The MIT Club of South Florida hosts Laura Knott of the MIT program in art, culture and technology (ACT)

MIT ACT program coming to South Florida for Art Basel Miami Beach 2016.

Join Laura Knott consulting curator for 2016 on a discussion about Miami Beach and Art Basel. A curator, editor, and author, Laura Knott specializes in work created at the intersections of art and technology. She has had an active art career as well, with presentations of her work at the documenta exhibition, on public television, and in venues ranging from the California desert to a revolving door on the MIT campus.  A graduate of the Center for Advanced Visual Studies at MIT, Laura studied environmental art and performance with Otto Piene and took every film and video course offered at the Media Lab by Ricky Leacock and Glorianna Davenport. Laura was trained as a choreographer. She was the first dance graduate of Duke University, where she also studied political science and international relations. In 1998, she created Worldwide Simultaneous Dance, in which dancers danced at the same time in 11 countries around the world, live streamed. At ACT, Laura is working on projects related to the CAVS 50th anniversary.

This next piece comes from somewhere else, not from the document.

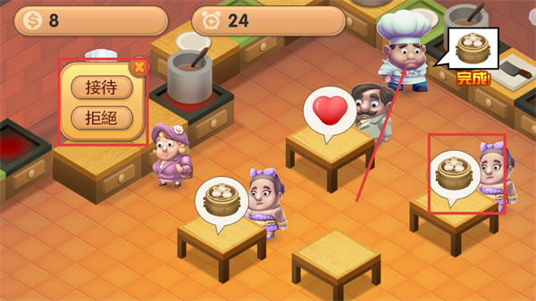 3、新顾客进店时选择【接待】,处理【蒸饺】类订单,完成后可触发【完成】提示获取额外经营奖励。

The MIT Program in Art, Culture and Technology (ACT) is an academic program and hub of critical art practice and discourse within the School of Architecture and Planning. ACT is headed by distinguished artist-professors and supported by a dynamic cast of practitioner graduate students and staff, visiting artist-lecturers, affiliates, and guests. Through an integrated approach to pedagogy, hosting, public event programming, and publication, ACT builds a community of artist-thinkers around the exploration of art’s complex conjunctions with culture and technology. It is not an art school in the traditional sense. The program’s mission is to promote leadership in critical artistic practice and deployment, developing art as a vital means of experimenting with new registers of knowledge and new modes of valuation and expression; and to continually question what an artistic research and learning environment can be and do.